The Department need not prove all nine Holley factors as a “condition precedent”
to termination, and the absence of some factors does not bar the fact-finder from finding that
termination is in the child’s best interest. In re C.H., 89 S.W.3d at 27. While no one factor is
controlling, the analysis of a single factor may be adequate in a particular situation to support a
finding that termination is in the child’s best interest. In re J.O.C., 47 S.W.3d 108, 115 (Tex.
App.—Waco 2001, no pet.), disapproved of on other grounds by In re J.F.C., 96 S.W.3d at 267
n.39; see also Rios v. Texas Dep’t of Family & Protective Servs., No. 03-11-00565-CV, 2012 WL
2989237, at *8 (Tex. App.—Austin July 11, 2012, no pet.) (mem. op.).

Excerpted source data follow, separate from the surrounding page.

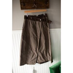 Features: Asymmetrical waistband, side button closure, utility pockets throughout, front slit hem feature, back cinch band for adjustable fit
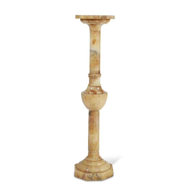 The octagonal top held aloft by a turned vasiform pillar, raised on a stepped octagonal base.
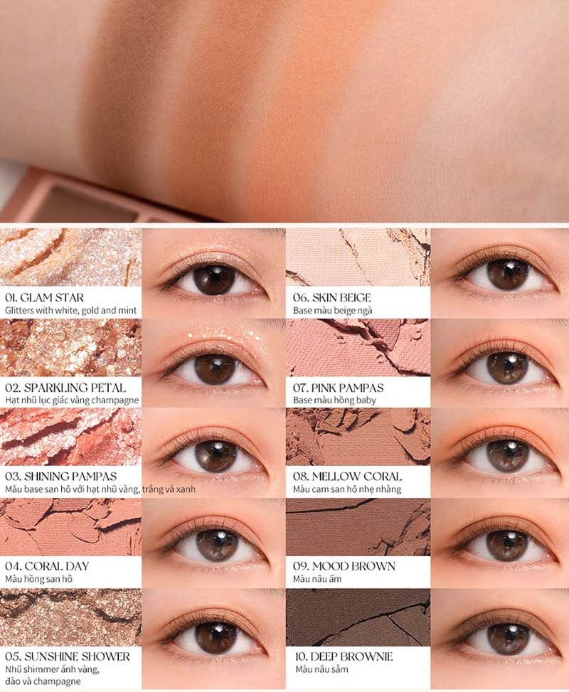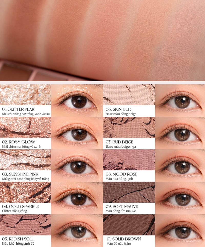 2. Bảng Phấn Mắt 10 ô Romand Better Than Eye Palette có tone màu sau:
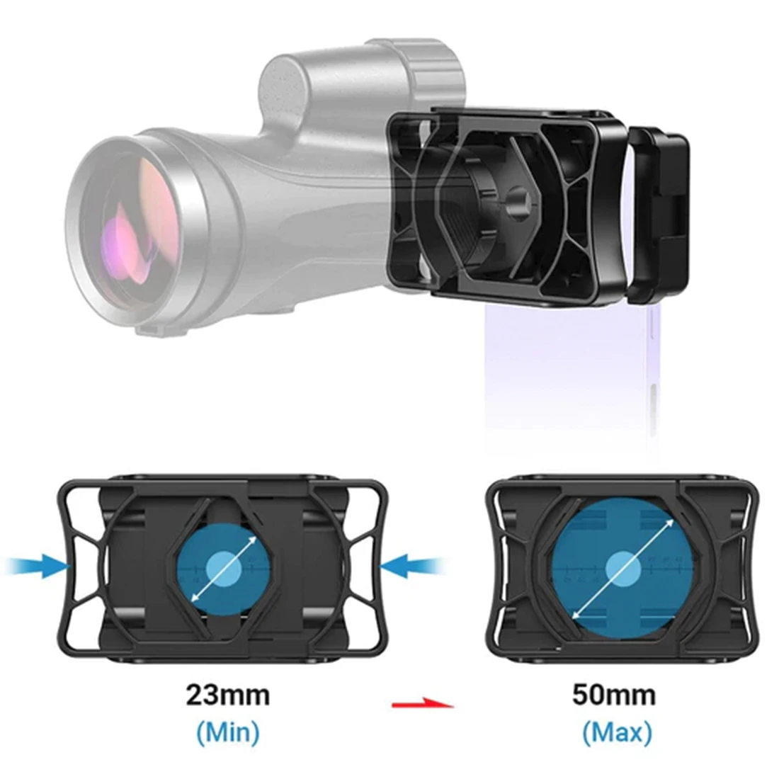 Uniwersalny adapter optyki to proste urządzenie, które pozwala na podłączenie smaprthpona do lornetki, monokularu, teleskopu lub mikroskopu. Takie rozwiązanie pozwala fotografować przyrodę w całkiem nowy sposób. Uchwyt jest kompatybilny z większością telefonów. Dzięki regulacji bez problemu zamontujemy go na każdym standardowym okularze.
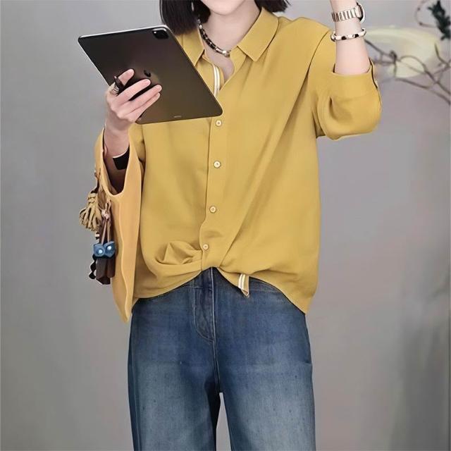 春款上衣 長袖 罩衫 襯衫 復古黃色polo領薄款長袖襯衫女2026新款春夏寬松顯瘦休閑防曬上衣 沂洋商城
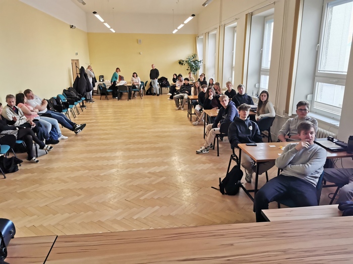 V pondělí 7. října 2024 naše aula zažila dopolední setkání žáků z rozličných koutů Evropy v rámci spolupráce Erasmus+. Po úvodní Keynote o využití AI, VR, IoT ve světě následovala seznamovací část, kterou jsme nechali na ChatGPT.

In this case, Brad testified that his children loved and missed Teresa and that he hoped
Teresa would still be a part of their children’s lives. However, Brad admitted that Teresa had made
suicide attempts in the past and had a recurring history of drug abuse. Furthermore, Brad conceded
that during the pendency of this case, Teresa missed several scheduled visits with her children, which
Brad admitted had disappointed his children.
In addition, Susan Sprole, the court appointed special advocate who represented the
children in this case, testified that Teresa lacked appropriate parenting skills, had failed to show any
change in behavior during the pendency of this case, and had made no effort to be reunited with her
children. Sprole also stated that Teresa did not have a legitimate excuse for not completing the
requirements of her service plan. Finally, Sprole testified that regardless of whether Brad allowed
Teresa to visit the children, terminating Teresa’s parental rights was in the children’s best interest.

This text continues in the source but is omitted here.